Activation of p53 signaling

The p53 tumor suppressor protein is considered as an integration point in response to various cellular stresses [89][90]. The activation of p53 can promote transcription of p21 leading to G1/S growth arrest [91], of 14-3-3 sigma inducing G2/M arrest [92], or of Bax inducing apoptosis [93]. It can also induce other factors involved in autophagy, DNA repair and metabolism [94].

The major negative regulator of p53 is the E3 ubiquitin ligase MDM2 (murine double minute 2, HDM2 in human). Mechanistically, MDM2 interacts with p53 via its C-terminal RING finger domain, promoting p53 ubiquitination and degradation by the 26S proteasome [95][96]. Therefore, p53 stabilization and activation in response to various stresses rely on a disruption this interaction between p53 and MDM2/HDM2. Simple readouts for p53 activation under nucleolar stress conditions are an increased p53 protein levels (stabilization or accumulation following blockage of ubiquitin-proteasomal degradation), reduced p53 binding to MDM2/HDM2, increased p53 mRNA levels under a long-lasting stress, elevated mRNA levels of p53 target genes, typically CDKN1A (p21) and BAX, and corresponding cell phenotypes such as cell cycle arrest, autophagy, DNA repair, senescence, or apoptosis [89].

Involvement of p53-independent stress signaling

In p53-/- or p53 inactivated cell lines, nucleolar stress can usually still invoke cell cycle arrest or apoptosis, implying that there is a stress response that is mediated by signaling pathways other than p53 [97].

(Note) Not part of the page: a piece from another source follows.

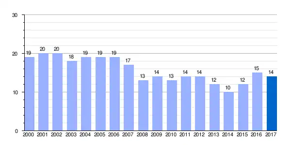 Gráfica de evolución demográfica de Ibarguren[1] entre 2000 y 2017 |

Ribosomal proteins (RPs) regulating transcription factors (TFs)

The major non-p53 TFs that respond to ribosomal stress are c-Myc, E2Fs and SP1 [97][98][99][100]. Their downregulation or decreased transcriptional activities by RPs mediate cellular stress responses via altered transcription of target genes. Measurement of mRNA and/or protein levels of these TFs and their target genes, and analysis of TF binding with the target DNA, may indicate the involvement of these signaling pathways.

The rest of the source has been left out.